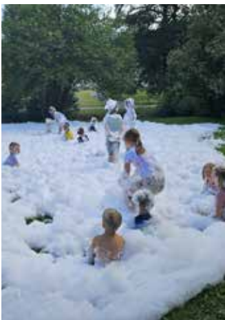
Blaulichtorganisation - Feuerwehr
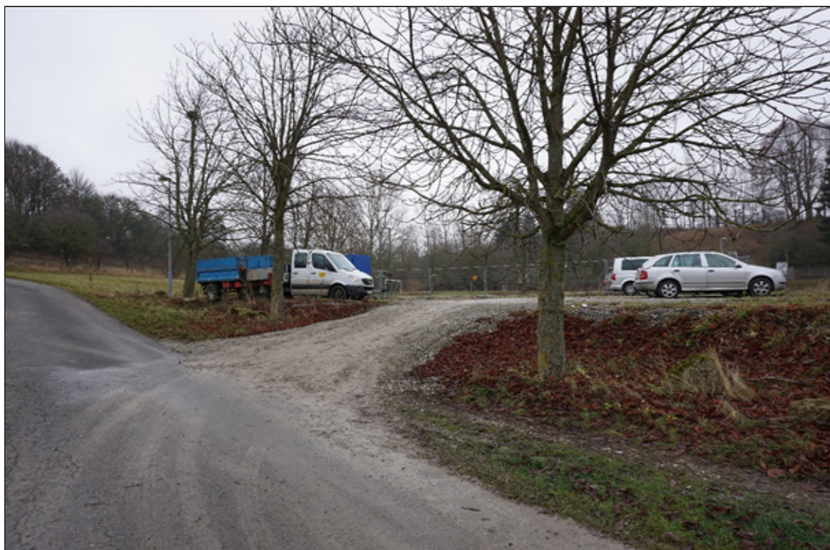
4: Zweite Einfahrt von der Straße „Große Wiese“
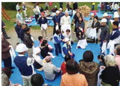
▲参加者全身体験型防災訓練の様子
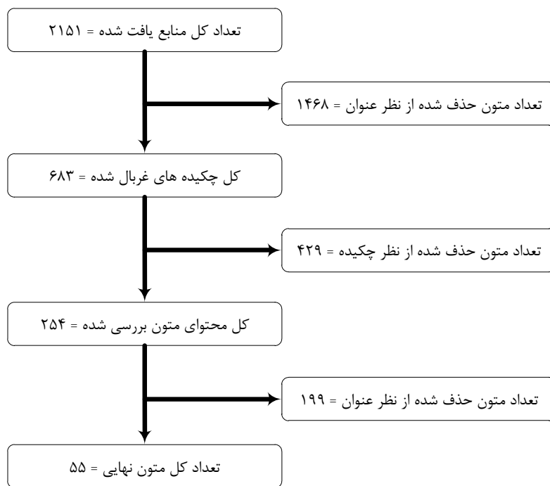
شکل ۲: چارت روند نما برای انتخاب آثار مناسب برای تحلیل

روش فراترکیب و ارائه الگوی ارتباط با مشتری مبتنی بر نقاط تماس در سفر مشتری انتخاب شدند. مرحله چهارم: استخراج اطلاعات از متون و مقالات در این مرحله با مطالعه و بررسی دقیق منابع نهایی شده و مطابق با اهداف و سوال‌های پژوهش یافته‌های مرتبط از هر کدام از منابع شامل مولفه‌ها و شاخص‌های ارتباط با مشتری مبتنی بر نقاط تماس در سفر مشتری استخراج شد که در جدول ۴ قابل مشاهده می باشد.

...

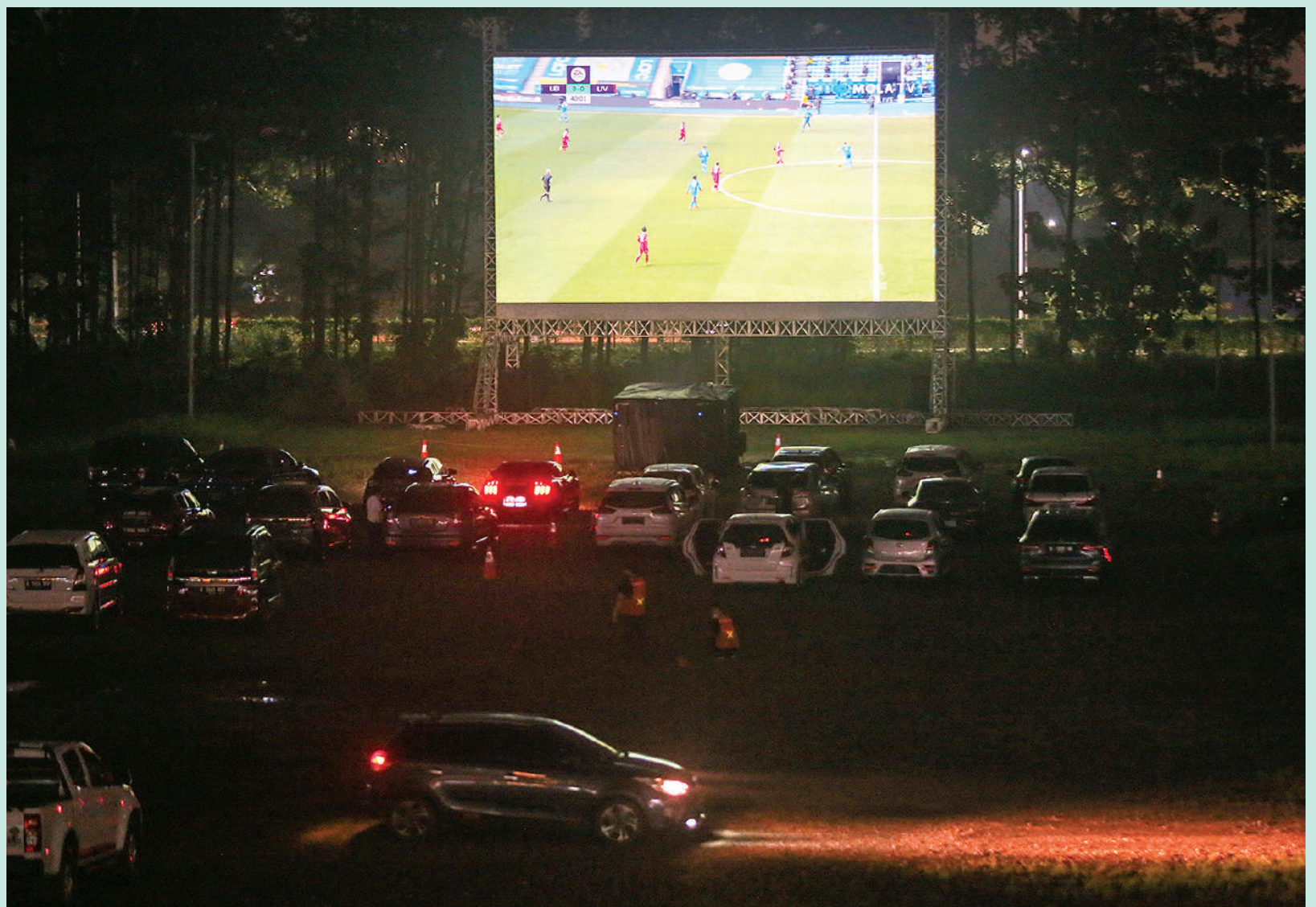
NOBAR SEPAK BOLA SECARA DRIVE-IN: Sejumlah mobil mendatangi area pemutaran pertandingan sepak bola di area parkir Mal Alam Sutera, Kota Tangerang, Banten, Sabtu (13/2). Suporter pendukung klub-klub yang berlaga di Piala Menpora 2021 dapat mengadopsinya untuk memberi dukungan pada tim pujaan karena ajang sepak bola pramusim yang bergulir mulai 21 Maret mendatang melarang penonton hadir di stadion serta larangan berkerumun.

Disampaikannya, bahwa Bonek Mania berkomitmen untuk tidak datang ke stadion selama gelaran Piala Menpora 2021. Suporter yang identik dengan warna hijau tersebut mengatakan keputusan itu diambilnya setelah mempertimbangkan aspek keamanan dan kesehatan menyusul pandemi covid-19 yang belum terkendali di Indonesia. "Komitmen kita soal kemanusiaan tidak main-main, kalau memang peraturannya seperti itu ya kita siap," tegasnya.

Work required = Nothing outside the stretch above, from the line with "Blaulichtorganisation - Feuerwehr" through the line with "روش فراترکیب و", is set down. Transcribe that stretch exactly, ends included, but not its pictures.

Solution to this task =
Blaulichtorganisation - Feuerwehr
4: Zweite Einfahrt von der Straße „Große Wiese“
▲参加者全身体験型防災訓練の様子
شکل ۲: چارت روند نما برای انتخاب آثار مناسب برای تحلیل

روش فراترکیب و ارائه الگوی ارتباط با مشتری مبتنی بر نقاط تماس در سفر مشتری انتخاب شدند. مرحله چهارم: استخراج اطلاعات از متون و مقالات در این مرحله با مطالعه و بررسی دقیق منابع نهایی شده و مطابق با اهداف و سوال‌های پژوهش یافته‌های مرتبط از هر کدام از منابع شامل مولفه‌ها و شاخص‌های ارتباط با مشتری مبتنی بر نقاط تماس در سفر مشتری استخراج شد که در جدول ۴ قابل مشاهده می باشد.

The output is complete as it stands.